# Texas Star, pre war possibly?



## Miguello (Aug 6, 2013)

Just picked up a VERY rusty rear facing dropout balloon tire frame. Double curved top tubes, rear downward facing drops. Very cool lines, though I don't know if it's even salvageable? Original paint scheme can just barely be made out, on the bottom of the frame tubes. Grass green main color, with a white front, and a red pinstripe separating the two. Headbadge is on the bike, and the rivets look original. It's red and aluminum, and screams TEXAS STAR in huge letters. The weird part though, is that there is another set of holes visible at the sides of the headbadge( on the head tube), ala Columbia style, or whoever had side rivets rather than vertical. It has the remnants of an old metal pan springer saddle, though the leather is just about completely gone. Were these rebadged Columbias? Does anyone know? Has anyone every heard of the brand before? Thanks for any info!

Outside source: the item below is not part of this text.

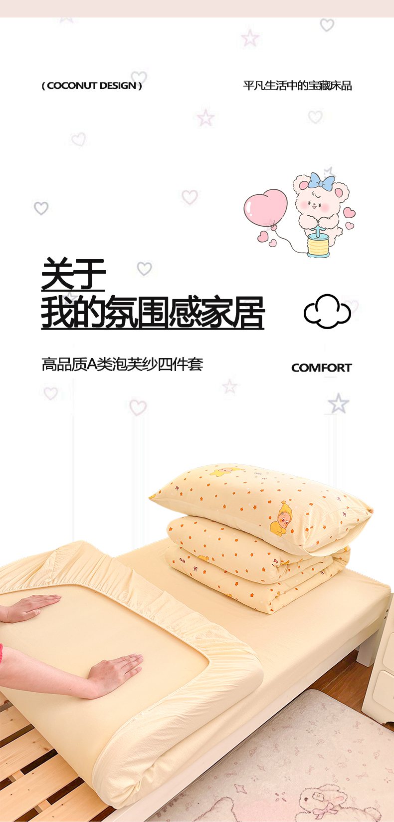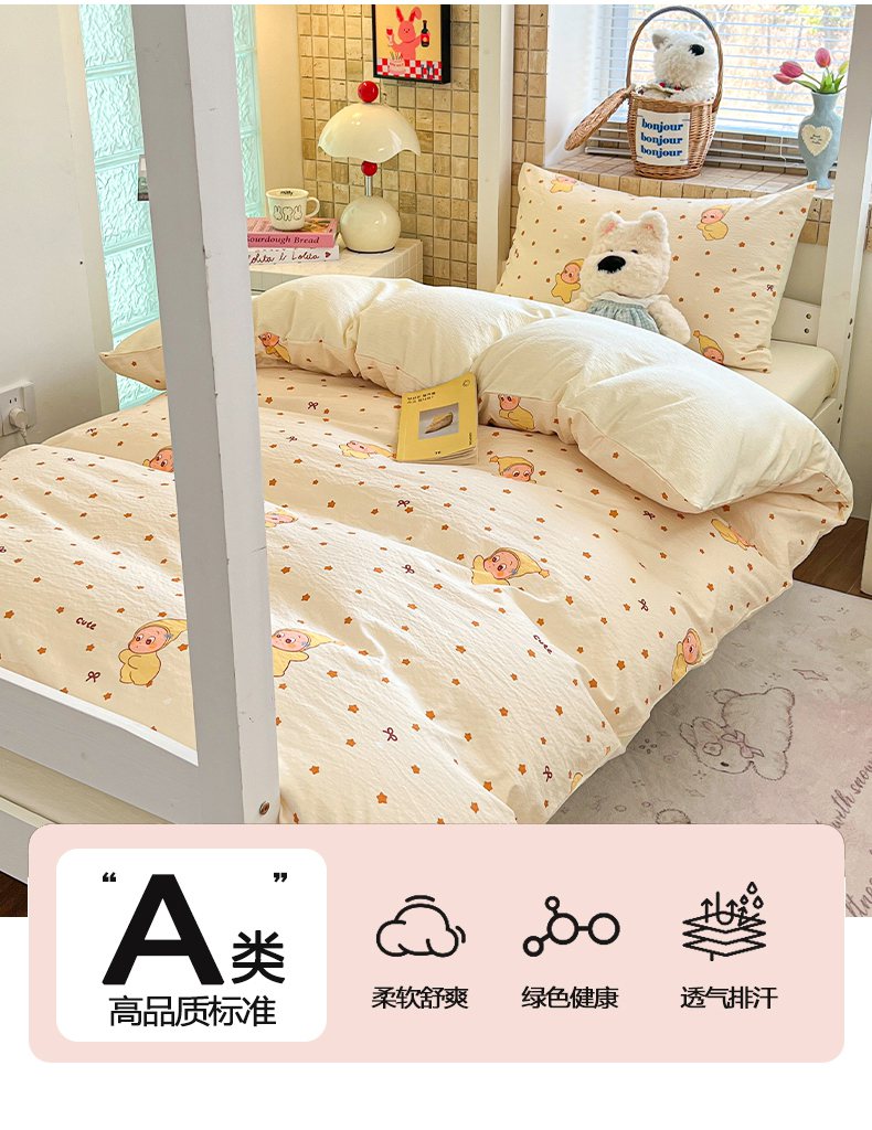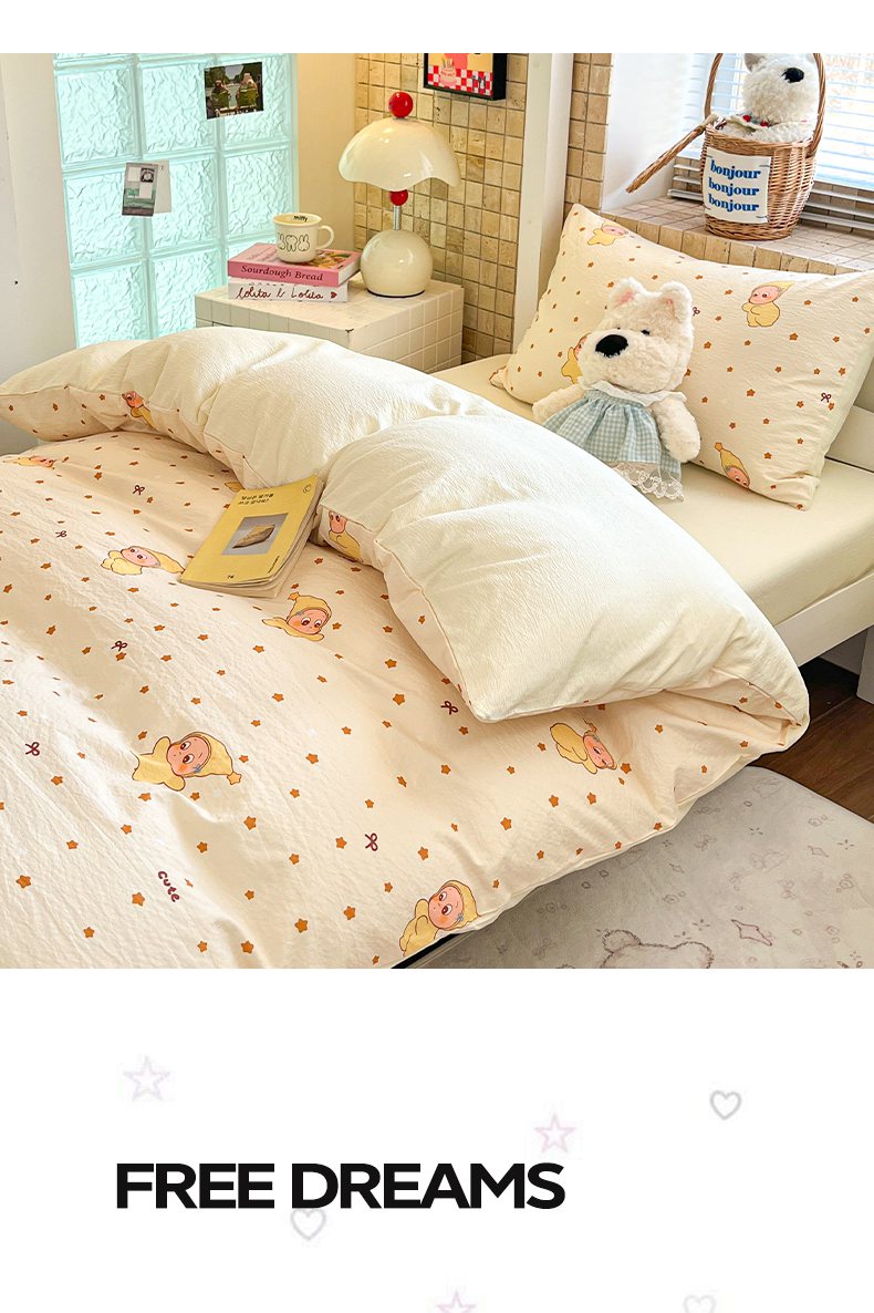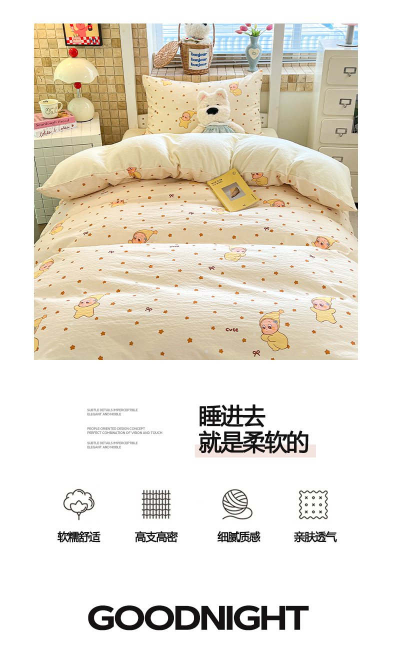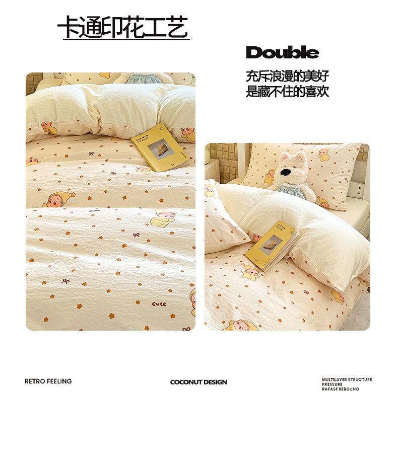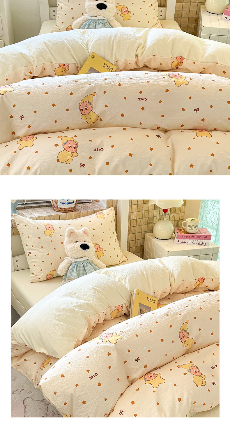 当前位置: 91家纺网 > 商品网购 > 床品套件 > 三件套 > 川悦生活 【提供买家秀】2026新款云感双层纱木棉学生床笠套件 恰星星

PICS.. Yep, that's Ricky the Switchblade sniffing the dropout, making sure it's good enough.... Yes the price was FREE, otherwise I wouldn't have bothered loading it in the truck...


----------



## slick (Aug 6, 2013)

I want that badge!!! How much??


----------



## scrubbinrims (Aug 6, 2013)

The bicycle looks to be made by HP Snyder and looks so rough, even your cat is thinking WTF???
Sell the badge, take your wife out to dinner, move on.
Chris


----------



## Miguello (Aug 6, 2013)

scrubbinrims said:


> The bicycle looks to be made by HP Snyder and looks so rough, even your cat is thinking WTF???
> Sell the badge, take your wife out to dinner, move on.
> Chris




The middle part of the badge, you can see where the dirt rubbed off, and I think the whole thing will clean up fairly well. So, what do I ask for it though? How nice of a dinner? Chili's or Lobster?


----------



## Miguello (Aug 6, 2013)

The frame would make a nice garage wall hanger? At least the rats wouldn't eat half of it, like they did my alligator head.


----------



## sbusiello (Aug 7, 2013)

*i vote scrub*

Looks like surface rust. I am a newbie, but I have had 3 weeks of intensive rust removal experience, I would gently take the badge off, sell it, the get a big plastic cement tray and 4 jugs of vinegar and let it sit for 20 hours. Give it a wire brush scrub and see how it looks. Personally I think it will look fantastic and you can either use or eBay it.


----------



## slick (Aug 7, 2013)

So sell me that badge already! Sandblast the frame with the money from the badge and you are ready to go! PM me a price. Thanks


----------